◆ **Exercise instructions**
In the material below, find the line containing "longer continuous use." and the line containing "考勤方案-不属于草稿状态的方案不需要编辑操作". Output those two lines and all lines between them exactly, without pictures.
#### Task inputs ####
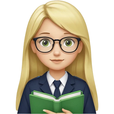 Girl student wearing uniform, glasses, hold green book in front of their chest, blonde long straight hair, white skin emoji
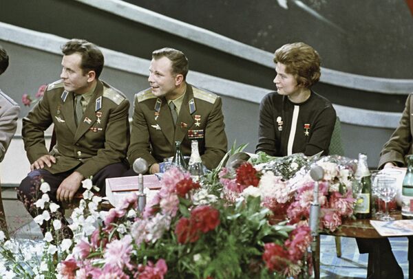 В сентябре 1963 года Гагарин посетил Париж, где принял участие в XIV Международном конгрессе астронавтики[47][48]. В октябре 1963 года вместе с В.Терешковой посетил штаб-квартиру ООН в Нью-Йорке[49].
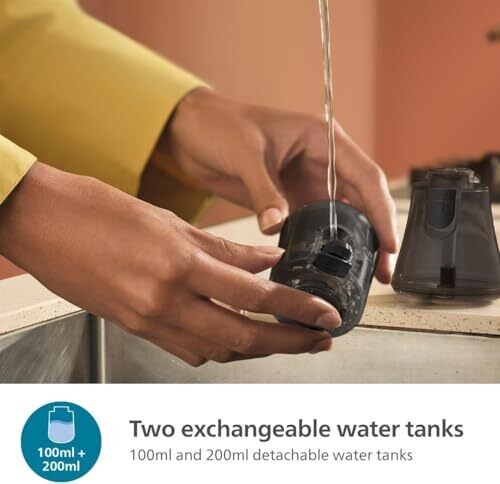 • Detachable water tank with 100 ml + 200 ml capacity for longer continuous use.
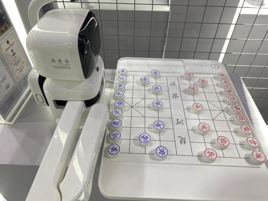 以更智能的城市、更贴心的社会为导向,在城市管理、交通治理、生态环保、医疗健康、教育、养老等领域,人工智能应用也不断突破,为数字生活添彩。走进商汤科技展台,可以看到一个名为“元萝卜”的AI下棋机器人,小小的机械臂能精准操作棋子的移动,实现毫米级的操作精准度,还可以从零基础为孩子讲解象棋文化和规则。
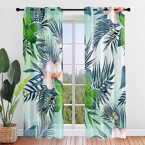 Odot Voile Sheer Curtains 2 Panels for Living Room, Tropical plants Prints Semi Sheer Curtains Light Filtering Tulle Eyelet Curtains Drapes for Bedroom Windows (W55 x L108,Green leaf 4)
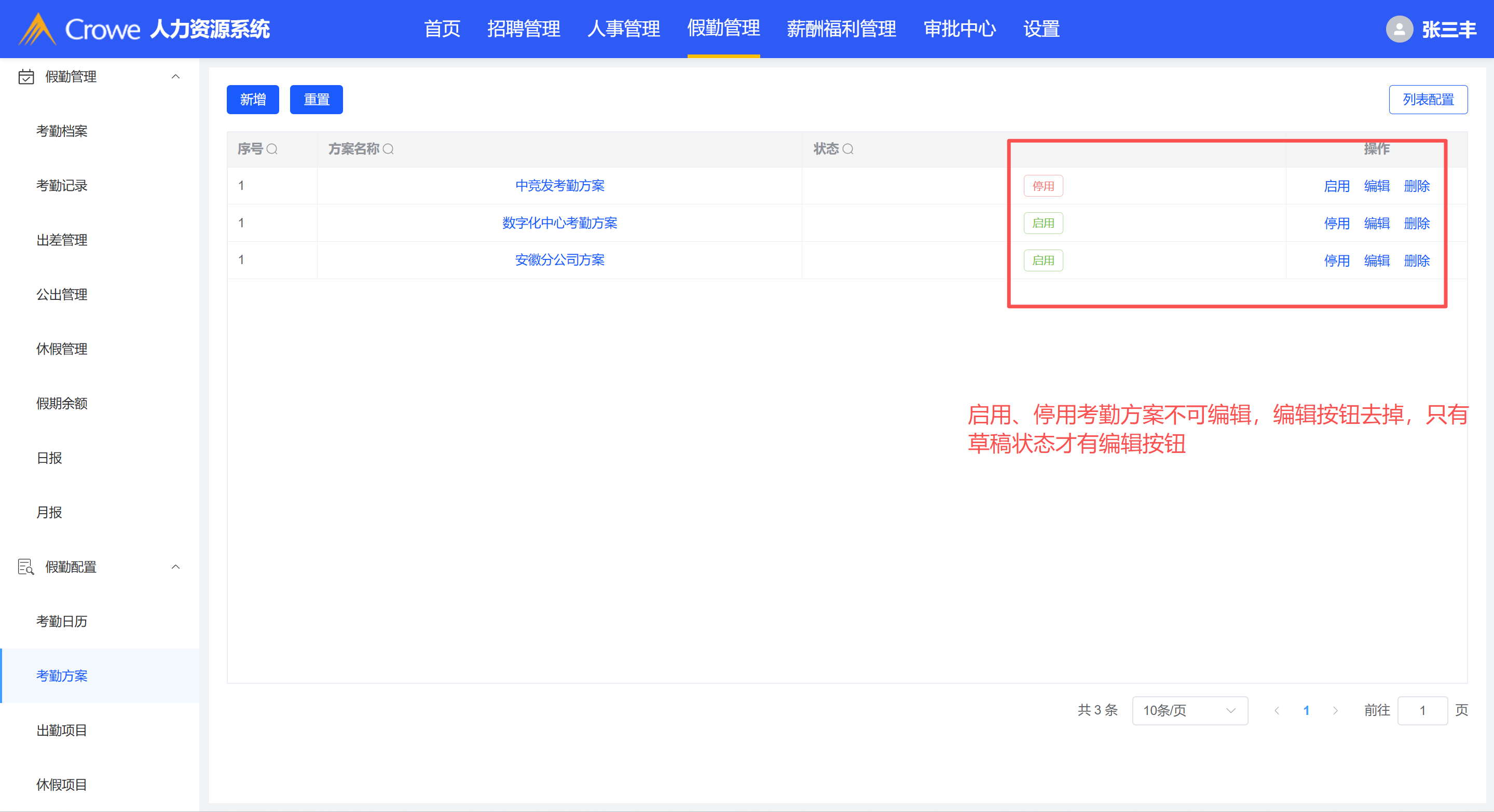 考勤方案-不属于草稿状态的方案不需要编辑操作
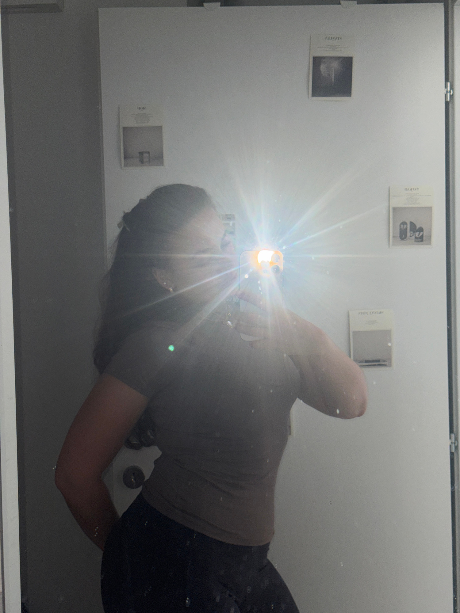 This image is a mirror selfie taken by a person in an indoor setting in Milan, Italy. The central subject is the reflection of the person, holding a smartphone with its flash activated, which creates…read more
####
◆ **Reply**
 • Detachable water tank with 100 ml + 200 ml capacity for longer continuous use.
 以更智能的城市、更贴心的社会为导向,在城市管理、交通治理、生态环保、医疗健康、教育、养老等领域,人工智能应用也不断突破,为数字生活添彩。走进商汤科技展台,可以看到一个名为“元萝卜”的AI下棋机器人,小小的机械臂能精准操作棋子的移动,实现毫米级的操作精准度,还可以从零基础为孩子讲解象棋文化和规则。
 Odot Voile Sheer Curtains 2 Panels for Living Room, Tropical plants Prints Semi Sheer Curtains Light Filtering Tulle Eyelet Curtains Drapes for Bedroom Windows (W55 x L108,Green leaf 4)
 考勤方案-不属于草稿状态的方案不需要编辑操作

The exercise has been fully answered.